There are two ways in which we've encountered problems with speed. The first is the organizational issues the school has, which has meant that AJ got little or no differentiated work for the first several months of the year for both last year and the year before (K and 1st grade) because it took that long for the teachers to catch up with the class and figure out what to do. I have tried to be more proactive for next year, but because the school doesn't assign students to classes until a couple of weeks before the new school year starts, there is only so much we can do in advance. So even with the efforts I've made thus far, there is a good chance there will be a lag yet again this coming year. This is, as far as I am concerned, completely unacceptable. First conferences in November is way too late to get on board with these students and at that point, we had a lot of undoing to accomplish with AJ. I'm sure our school is not alone in this. I don't see it changing anytime soon -- it's not that the schools don't want to, it's just that they're not set up in such a way that this process is in any way efficient, so it's up to the parents to get in there and make sure your kid gets what he or she deserves. I go into every school year assuming the teacher knows absolutely nothing about AJ. This is, fortunately, not usually true, but it is true that the teacher doesn't always know all the things she should. My solutions: talk early and often to the teacher and put everything you possibly can in writing.
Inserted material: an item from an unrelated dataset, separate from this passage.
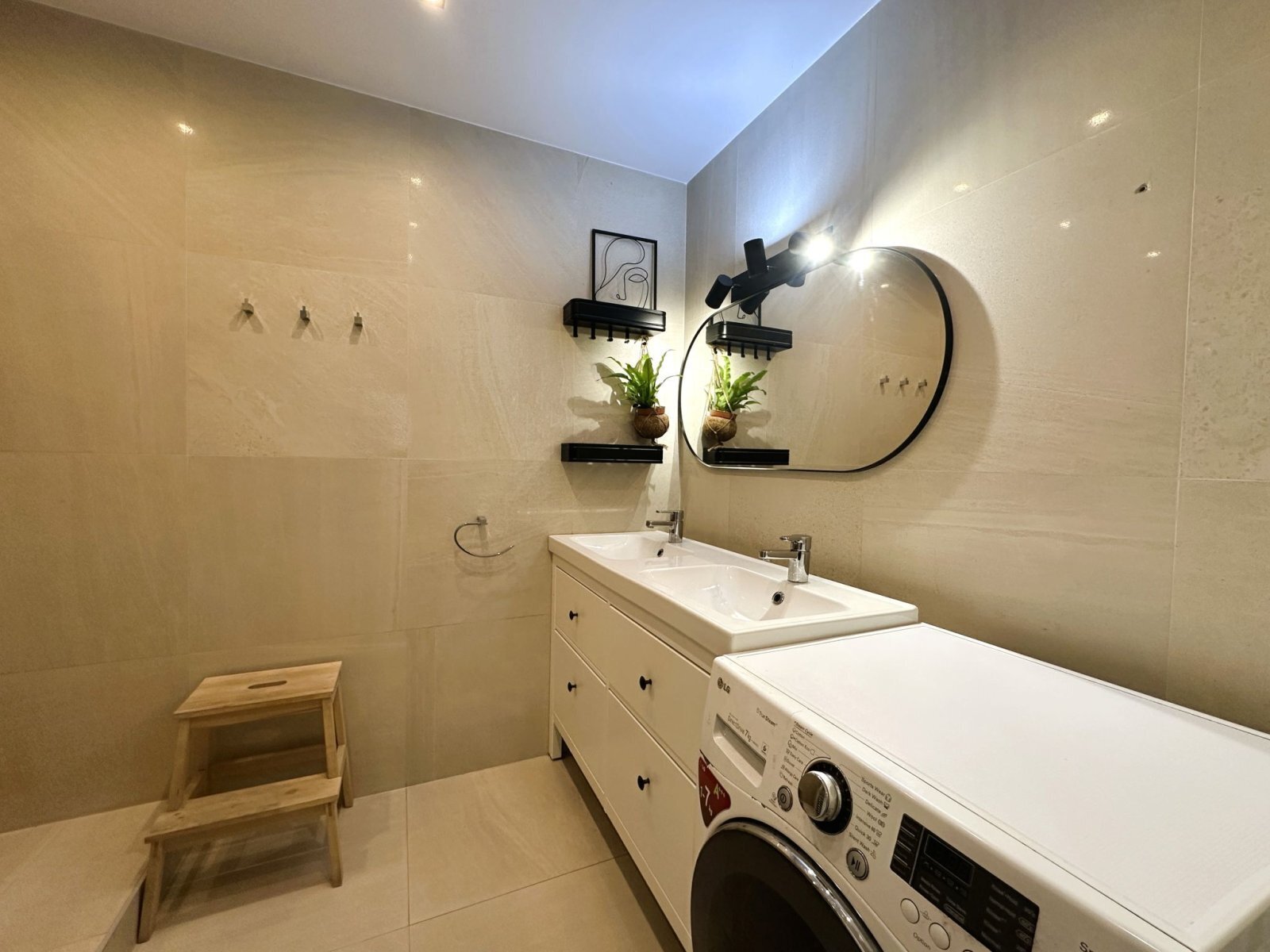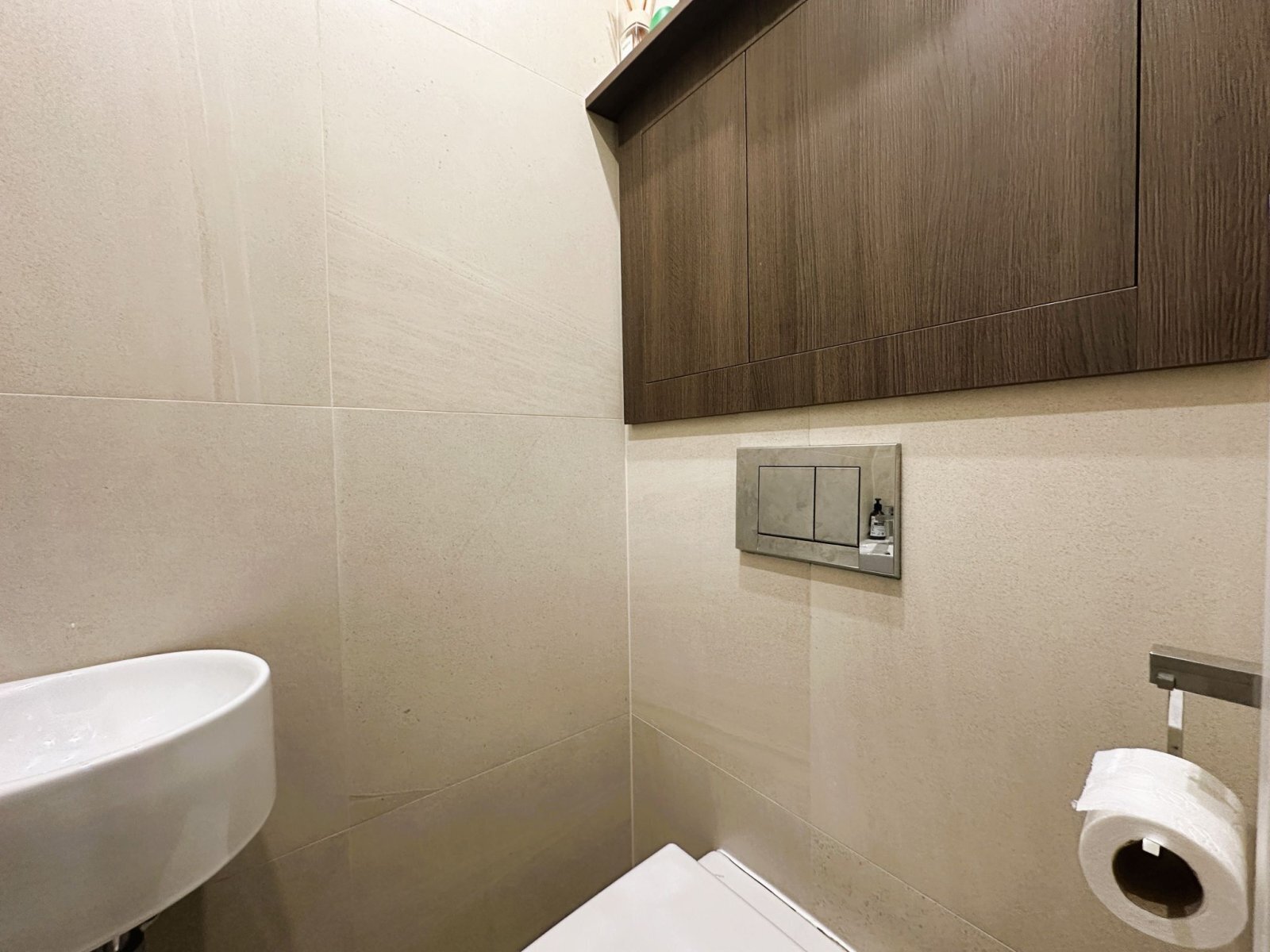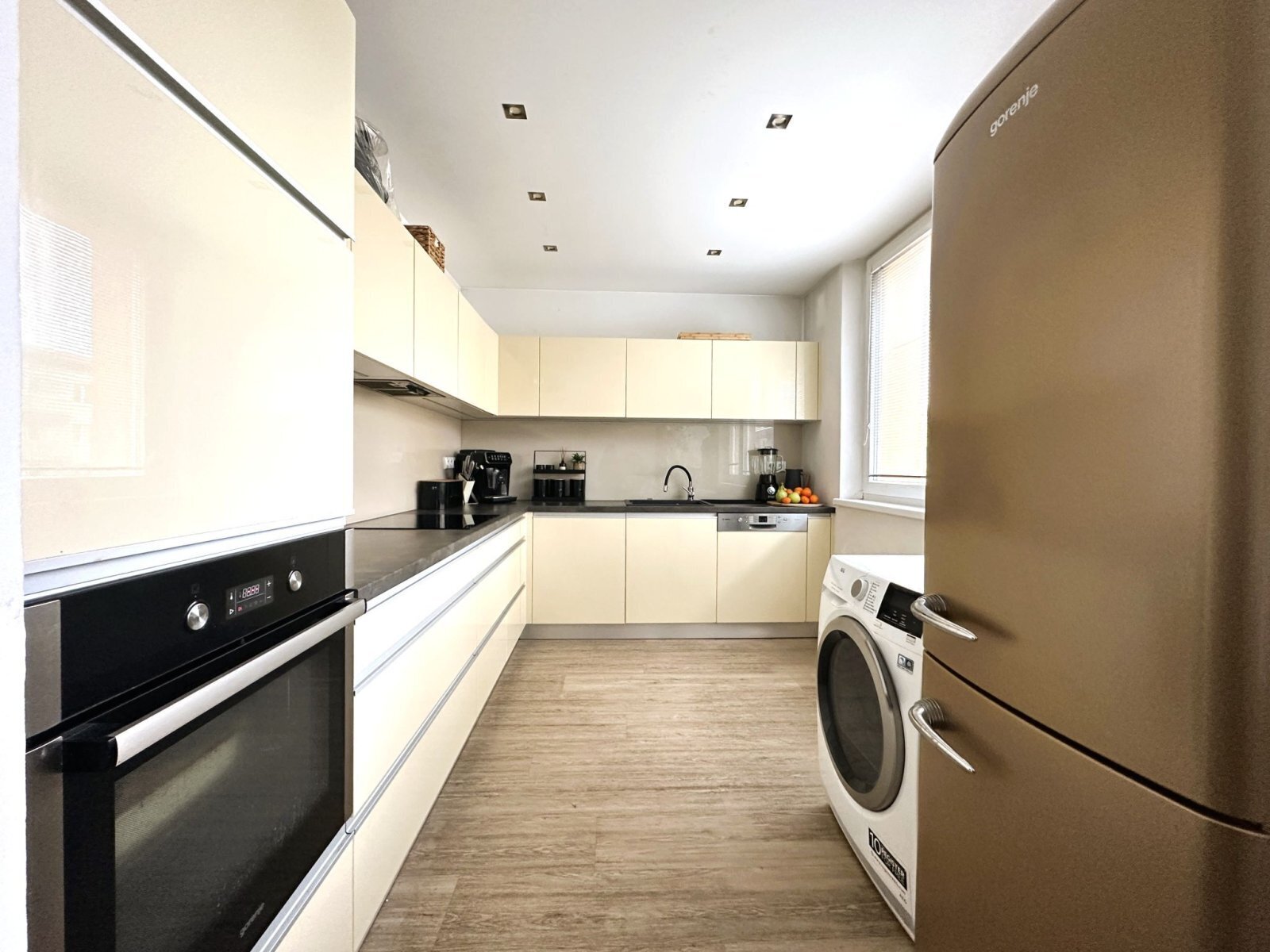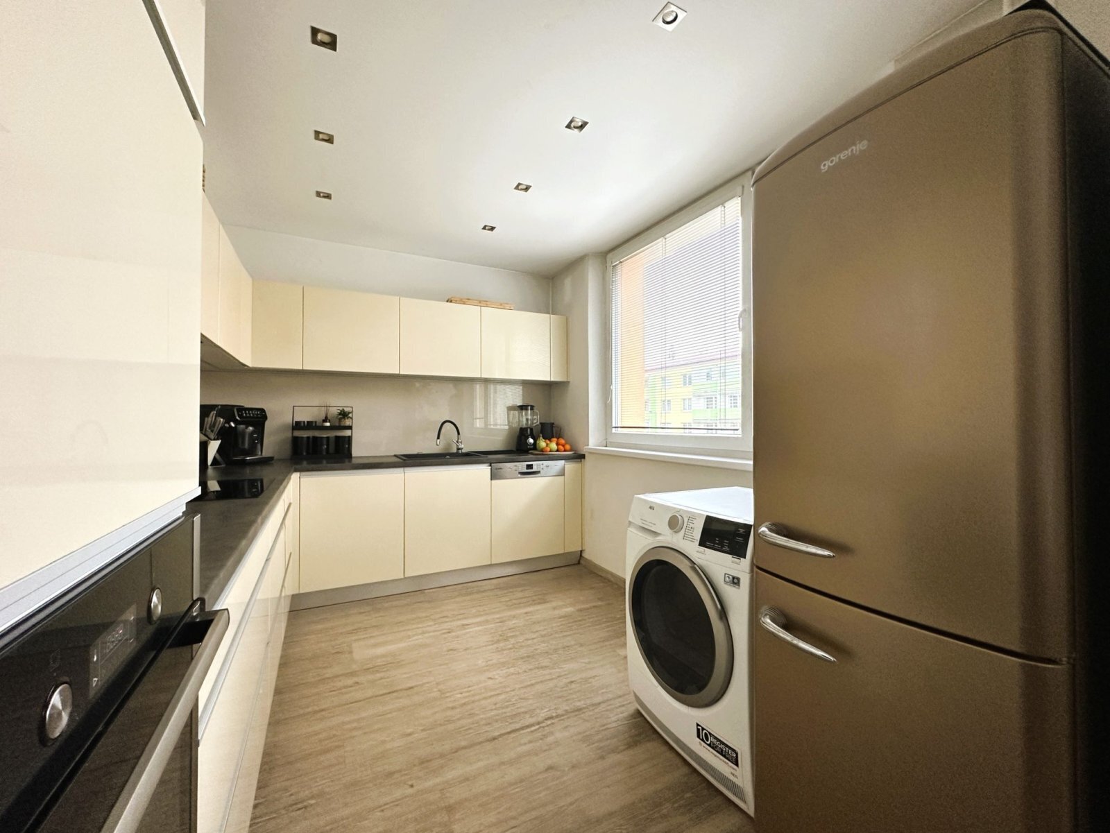 Kuchyně je vybavena novou kuchyňskou linkou s dřezem, indukční varnou deskou, troubou, digestoří a myčkou nádobí. Koupelna nabízí velký sprchový kout, otopný žebřík, dvojité umyvadlo, úložné skříňky a přípojku na pračku a sušičku, WC je samostatné. V bytě jsou instalovány žaluzie.

The second problem we have encountered with speed is caused by speed itself, namely that if he moves too fast through his differentiated materials, he's left twiddling his thumbs. His teacher this year was good about catching it, but in a class with 27 kids, several of which had special needs of one sort or another, there is only so fast that she could react. I've tried to address this for next year by working on a curriculum plan that the classroom teacher, the gifted teacher, and we parents are all on board with. This way we can help each other instead of working at cross purposes and hopefully AJ will waste less time. I'm also working on getting AJ involved in some online courses through Stanford, which I'm hoping can be implemented at school rather than at home (although probably at our expense) in order to give him something he can do at his own pace when the classroom materials run out. But there may be a technology barrier. We shall see.
The issue of tutoring has not been a problem this year for us (his teacher was exceptionally sensitive to his social issues), but it has been in the past -- when he was 3, his preschool, without checking with us, had AJ go around to all the classrooms and read to the other kids. AJ loved the attention and it was supposed to be inspirational for his classmates, but it made me very uncomfortable when I found out about it. Now he has much more of a love-hate relationship with that kind of attention. When he reads out loud to his friends (which they all did in class this year), he mimics the halting style of the typical first grade reader instead of the fluid, nuanced and dramatic style we get at home.